A recent OECD report commented that the impacts of the 2020 pandemic were made worse by the austerity policies adopted after the 2008 recession. The Charter recognised from the outset that key-workers, in low paid and insecure work, often in public facing roles (care workers, retail staff etc) were placed in impossible positions juggling their own economic needs against doing the ‘right thing’ by self-isolating. Although some isolation income support came from Government eventually, it was too little and too late. This demonstrates that the adoption of good employment standards is no longer a choice – it is essential if we are to rebuild in a far more resilient way and they must be a foundation stone of public health policy moving forward.


For our part, the Charter has reflected hard on the implications of the pandemic and working with partners such as Carnegie UK and the School for CEOs we are clear on our priorities to engage and support employers.


How has the pandemic affected the characteristics of Good Employment?


Although not explicitly set out, addressing inequalities remains at the heart of the Charter’s ambition. Ensuring equality in the workplace means creating opportunity for all, and the impact of COVID has heightened many of the existing challenges especially with regards to women, disability and our Black and Minority Ethnic communities. We will focus on action in these areas – especially in terms of progression and pay differential reporting. More widely we will support Greater Manchester’s ambition to become a Real Living Wage City Region and will actively seek to engage with sectors where low pay and insecure working arrangements are prevalent.
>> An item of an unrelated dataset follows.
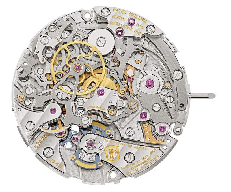 Ref. 5470P-001是百達(dá)翡麗在計(jì)時(shí)碼表領(lǐng)域的全新力作,表殼的樣式來自于Ref. 5370,至于全新研制的CH 29-535 PS 1/10機(jī)芯,則是以CH 29-535 PS為基礎(chǔ)下改制而成;CH 29-535 PS是2009年問世的百達(dá)翡麗新世代自制計(jì)時(shí)機(jī)芯,也是目前百達(dá)翡麗所有有計(jì)時(shí)功能的基礎(chǔ)。這次要改為1/10秒計(jì)時(shí)功能,首先得把原本機(jī)芯振頻的4赫茲提升到5赫茲,也就是振頻36,000次/小時(shí);同一時(shí)間,更高的振頻意味著更高的耗能,以及產(chǎn)生更多的震動(dòng),在此百達(dá)翡麗加入許多專利技術(shù),減低計(jì)時(shí)功能運(yùn)作時(shí)對準(zhǔn)確度的影響。

After the rush of adrenaline fuelled activity last Spring, many employers were patting themselves on the back marvelling at their ability to adopt working from home policies and utilise video technologies that they could have been using for years. We’ve cracked flexible working! The truth however – several months on - is that for many all that happened was the work venue changed, but the adoption of truly flexible working practices didn’t follow. For those that are now planning to continue to work in this way or to adopt blended solutions there is still much to do and learn and the Charter, with our partners, will be here to support and offer advice and guidance.
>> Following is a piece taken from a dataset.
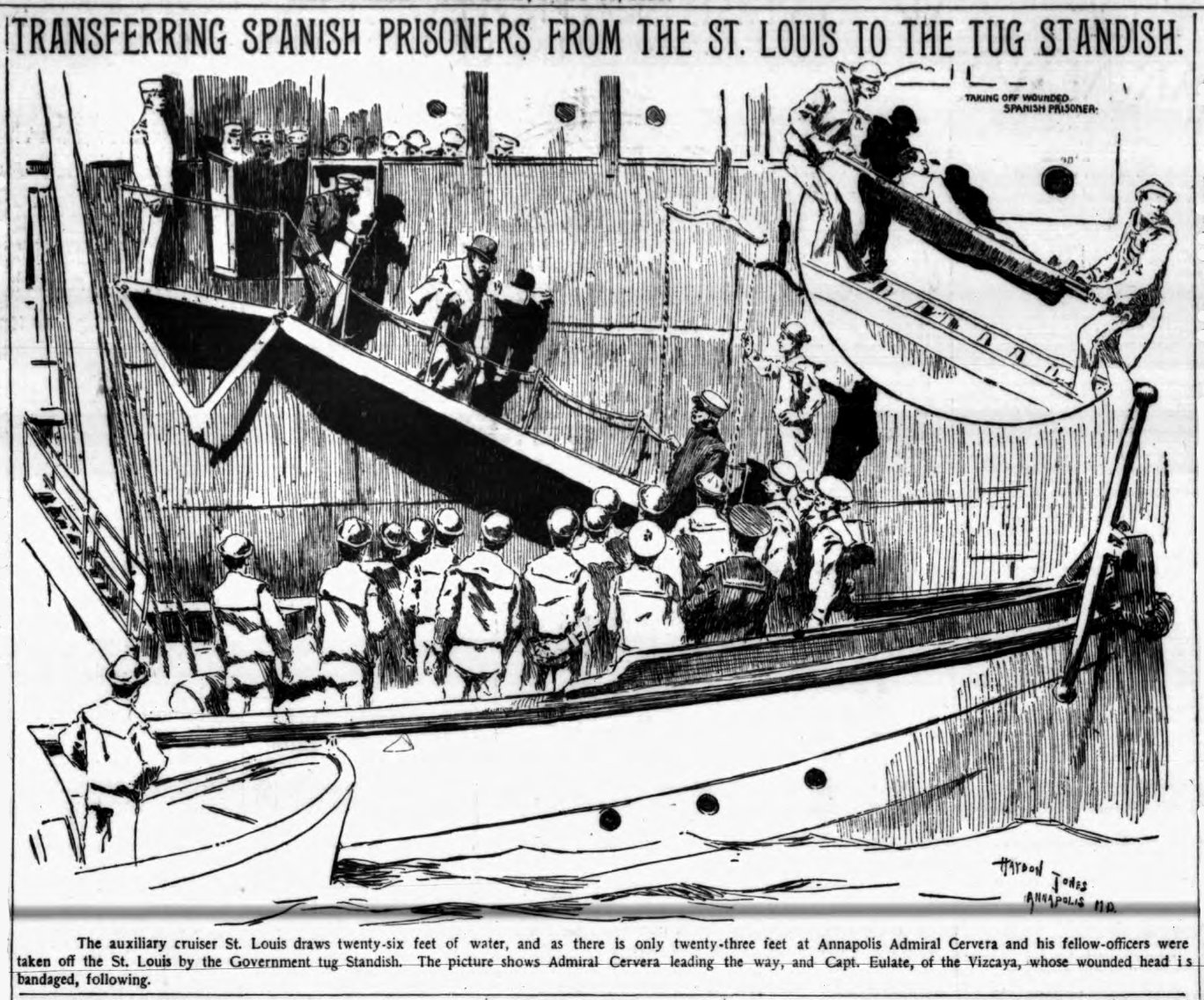 398k | Drawing depicting the transferring of the prisoners-of-war Admiral Pascual Cervera and his officers from USS St. Louis to Standish at Annapolis during the Spanish-American War, 17 July 1898. Image by Haydon Jones, from The World (New York), 18 July 1898. | Robert Hurst | |

Much of all of this relies on effective leadership and management. Across all sectors, line managers, have been challenged to adapt to managing at distance, and building new and meaningful ways of communicating and listening to their staff. We all recognise that developing effective emotional intelligence through a Zoom screen is tough! A significant change is needed for many and working with our partners at CIPD, ACAS and MMU we will continue to collate resources to support employers build management capacity for good work.


At the heart of much of the good work agenda is a basic concern for employee wellbeing. This cannot remain as a policy on the shelf that speaks of free fruit and lunchtime yoga classes. Wellbeing should now be at the heart of an employer’s values and ambitions. The Charter’s experience of working with all sorts of employers during the pandemic tells us that those who adopt values that put the wellbeing of their staff at the centre of their operation, are those who have emerged stronger and better equipped to face future challenges. This will remain a driving force for the Charter in the coming years.


From the outset, the Good Employment Charter has aimed to be not just an accreditation badge, but more of a movement, where employers can share and support each other in developing good practice. Now, as we face the challenges of evolving and uncertain ‘future work’, more than ever we need to build a community of understanding and a commonwealth of knowledge to help us all build back better.